┏━━
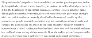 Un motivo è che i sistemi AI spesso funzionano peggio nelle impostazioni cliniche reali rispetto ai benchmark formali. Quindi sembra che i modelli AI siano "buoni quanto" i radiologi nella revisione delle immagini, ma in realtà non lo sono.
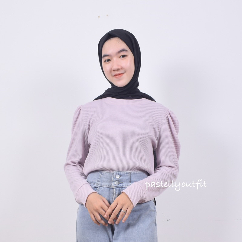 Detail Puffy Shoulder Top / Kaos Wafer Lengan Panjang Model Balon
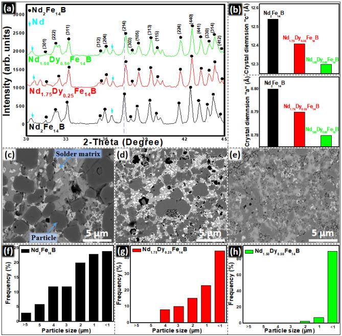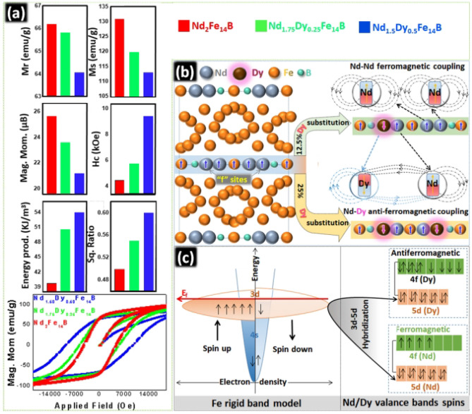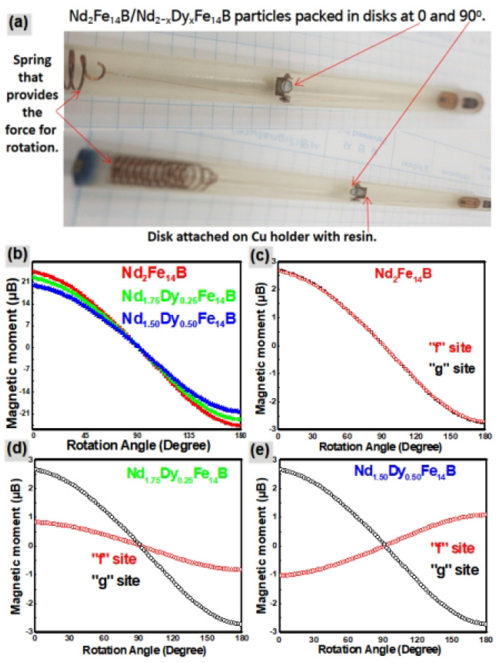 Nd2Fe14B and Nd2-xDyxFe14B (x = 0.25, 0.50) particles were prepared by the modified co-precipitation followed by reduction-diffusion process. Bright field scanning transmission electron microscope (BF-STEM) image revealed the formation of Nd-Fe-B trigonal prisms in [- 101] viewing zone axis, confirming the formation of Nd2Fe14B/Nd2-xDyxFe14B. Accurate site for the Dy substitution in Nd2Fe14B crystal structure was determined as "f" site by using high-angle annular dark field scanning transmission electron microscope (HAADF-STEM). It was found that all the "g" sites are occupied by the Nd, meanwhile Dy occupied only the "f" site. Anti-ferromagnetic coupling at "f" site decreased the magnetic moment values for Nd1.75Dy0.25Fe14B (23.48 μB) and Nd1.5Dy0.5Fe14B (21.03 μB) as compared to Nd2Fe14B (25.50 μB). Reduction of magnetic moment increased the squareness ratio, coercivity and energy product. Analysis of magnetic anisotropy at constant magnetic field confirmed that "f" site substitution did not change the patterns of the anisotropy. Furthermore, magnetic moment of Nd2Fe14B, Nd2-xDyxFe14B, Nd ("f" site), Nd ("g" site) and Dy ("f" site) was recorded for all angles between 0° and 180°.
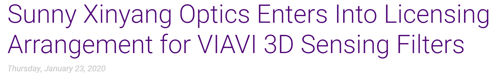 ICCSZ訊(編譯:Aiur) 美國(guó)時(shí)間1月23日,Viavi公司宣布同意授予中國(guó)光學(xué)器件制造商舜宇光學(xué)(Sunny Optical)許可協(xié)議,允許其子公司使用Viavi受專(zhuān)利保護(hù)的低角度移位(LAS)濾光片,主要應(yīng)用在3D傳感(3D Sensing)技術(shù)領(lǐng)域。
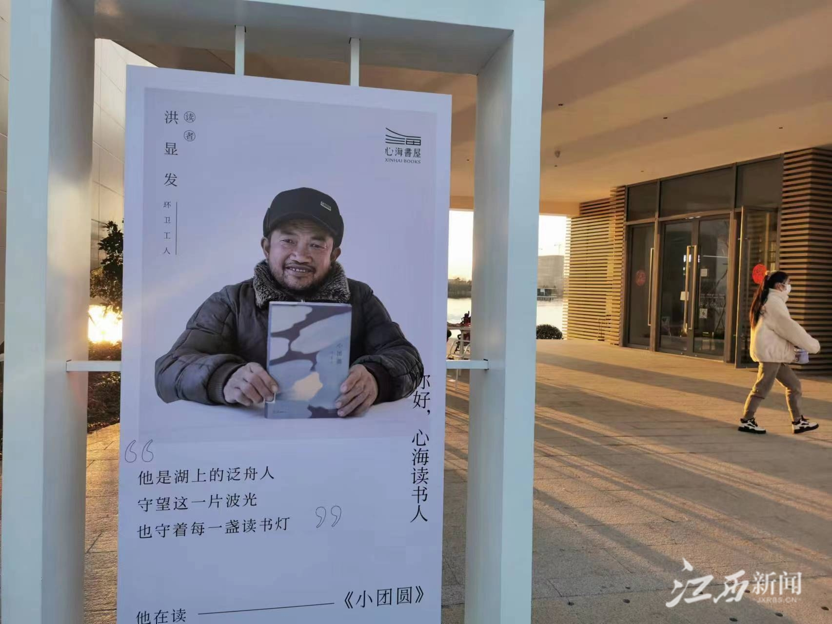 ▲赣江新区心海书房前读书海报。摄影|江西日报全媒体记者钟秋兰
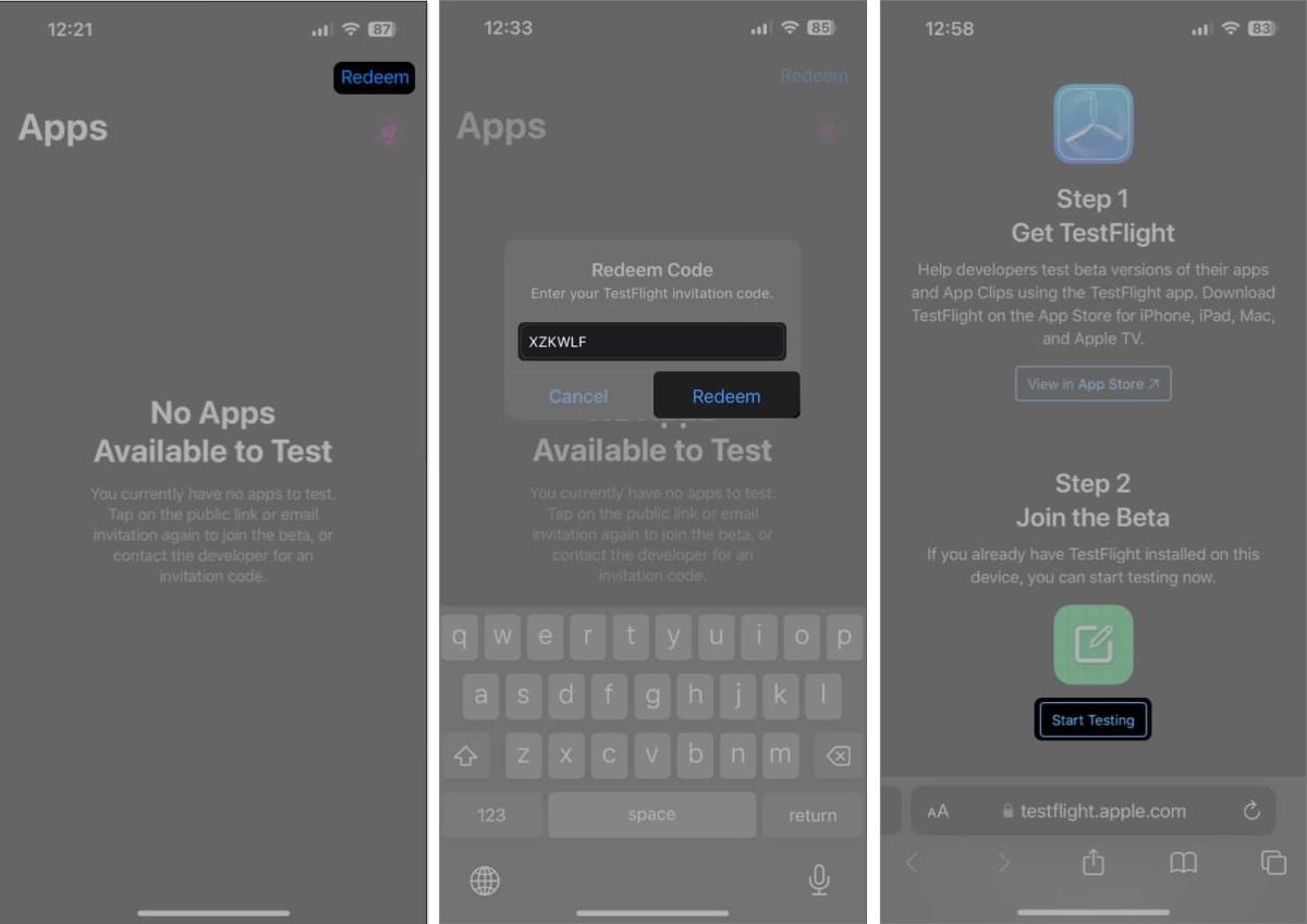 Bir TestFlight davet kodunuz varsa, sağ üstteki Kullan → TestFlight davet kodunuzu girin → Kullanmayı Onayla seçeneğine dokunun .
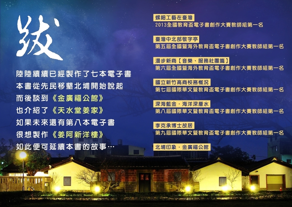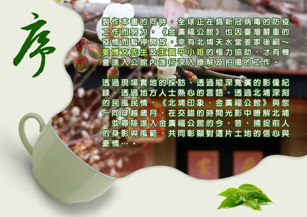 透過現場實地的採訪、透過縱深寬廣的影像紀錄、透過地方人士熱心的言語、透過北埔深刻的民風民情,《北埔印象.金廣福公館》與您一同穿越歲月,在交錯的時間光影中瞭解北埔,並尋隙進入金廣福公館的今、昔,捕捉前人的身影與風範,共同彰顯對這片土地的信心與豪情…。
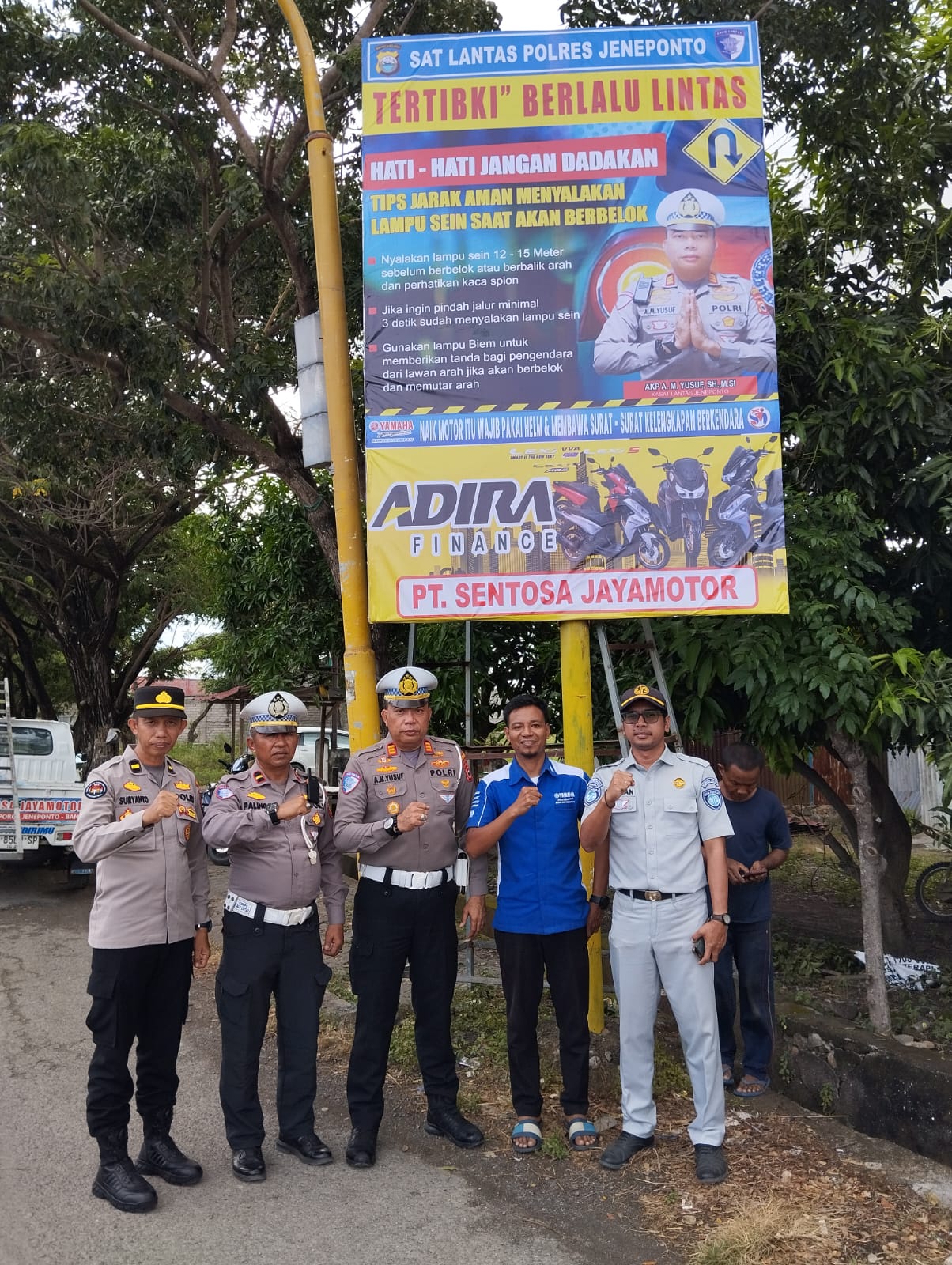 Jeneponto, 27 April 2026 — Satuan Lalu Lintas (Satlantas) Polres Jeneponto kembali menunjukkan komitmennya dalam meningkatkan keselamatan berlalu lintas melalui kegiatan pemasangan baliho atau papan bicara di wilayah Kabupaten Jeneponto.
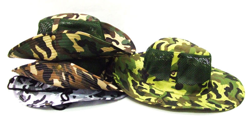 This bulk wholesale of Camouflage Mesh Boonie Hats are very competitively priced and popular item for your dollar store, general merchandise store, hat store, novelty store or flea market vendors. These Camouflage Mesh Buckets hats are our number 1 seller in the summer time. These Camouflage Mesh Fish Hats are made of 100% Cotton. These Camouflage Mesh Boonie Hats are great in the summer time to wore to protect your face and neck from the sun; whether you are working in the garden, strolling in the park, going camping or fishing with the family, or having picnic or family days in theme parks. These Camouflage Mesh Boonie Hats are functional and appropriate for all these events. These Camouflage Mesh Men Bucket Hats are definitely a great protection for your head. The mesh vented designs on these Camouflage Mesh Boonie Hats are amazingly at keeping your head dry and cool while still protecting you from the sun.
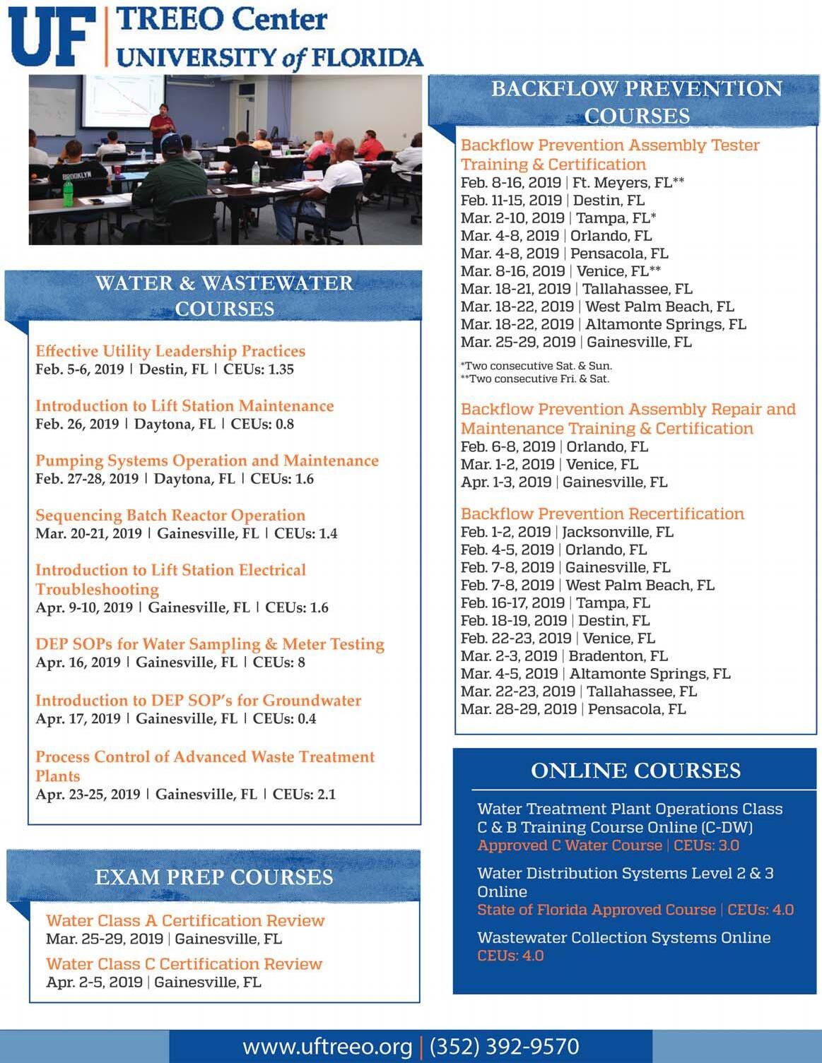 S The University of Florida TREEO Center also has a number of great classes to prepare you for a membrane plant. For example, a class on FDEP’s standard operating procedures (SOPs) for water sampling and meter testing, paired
┗━━
TRY IT: Pictures are to be left out while the lines from the beginning of the records through the line with "透過現場實地的採訪、透過縱深" are copied word for word.

SOLUTION FOR THIS TASK:
 Un motivo è che i sistemi AI spesso funzionano peggio nelle impostazioni cliniche reali rispetto ai benchmark formali. Quindi sembra che i modelli AI siano "buoni quanto" i radiologi nella revisione delle immagini, ma in realtà non lo sono.
 Detail Puffy Shoulder Top / Kaos Wafer Lengan Panjang Model Balon
 Nd2Fe14B and Nd2-xDyxFe14B (x = 0.25, 0.50) particles were prepared by the modified co-precipitation followed by reduction-diffusion process. Bright field scanning transmission electron microscope (BF-STEM) image revealed the formation of Nd-Fe-B trigonal prisms in [- 101] viewing zone axis, confirming the formation of Nd2Fe14B/Nd2-xDyxFe14B. Accurate site for the Dy substitution in Nd2Fe14B crystal structure was determined as "f" site by using high-angle annular dark field scanning transmission electron microscope (HAADF-STEM). It was found that all the "g" sites are occupied by the Nd, meanwhile Dy occupied only the "f" site. Anti-ferromagnetic coupling at "f" site decreased the magnetic moment values for Nd1.75Dy0.25Fe14B (23.48 μB) and Nd1.5Dy0.5Fe14B (21.03 μB) as compared to Nd2Fe14B (25.50 μB). Reduction of magnetic moment increased the squareness ratio, coercivity and energy product. Analysis of magnetic anisotropy at constant magnetic field confirmed that "f" site substitution did not change the patterns of the anisotropy. Furthermore, magnetic moment of Nd2Fe14B, Nd2-xDyxFe14B, Nd ("f" site), Nd ("g" site) and Dy ("f" site) was recorded for all angles between 0° and 180°.
 ICCSZ訊(編譯:Aiur) 美國(guó)時(shí)間1月23日,Viavi公司宣布同意授予中國(guó)光學(xué)器件制造商舜宇光學(xué)(Sunny Optical)許可協(xié)議,允許其子公司使用Viavi受專(zhuān)利保護(hù)的低角度移位(LAS)濾光片,主要應(yīng)用在3D傳感(3D Sensing)技術(shù)領(lǐng)域。
 ▲赣江新区心海书房前读书海报。摄影|江西日报全媒体记者钟秋兰
 Bir TestFlight davet kodunuz varsa, sağ üstteki Kullan → TestFlight davet kodunuzu girin → Kullanmayı Onayla seçeneğine dokunun .
 透過現場實地的採訪、透過縱深寬廣的影像紀錄、透過地方人士熱心的言語、透過北埔深刻的民風民情,《北埔印象.金廣福公館》與您一同穿越歲月,在交錯的時間光影中瞭解北埔,並尋隙進入金廣福公館的今、昔,捕捉前人的身影與風範,共同彰顯對這片土地的信心與豪情…。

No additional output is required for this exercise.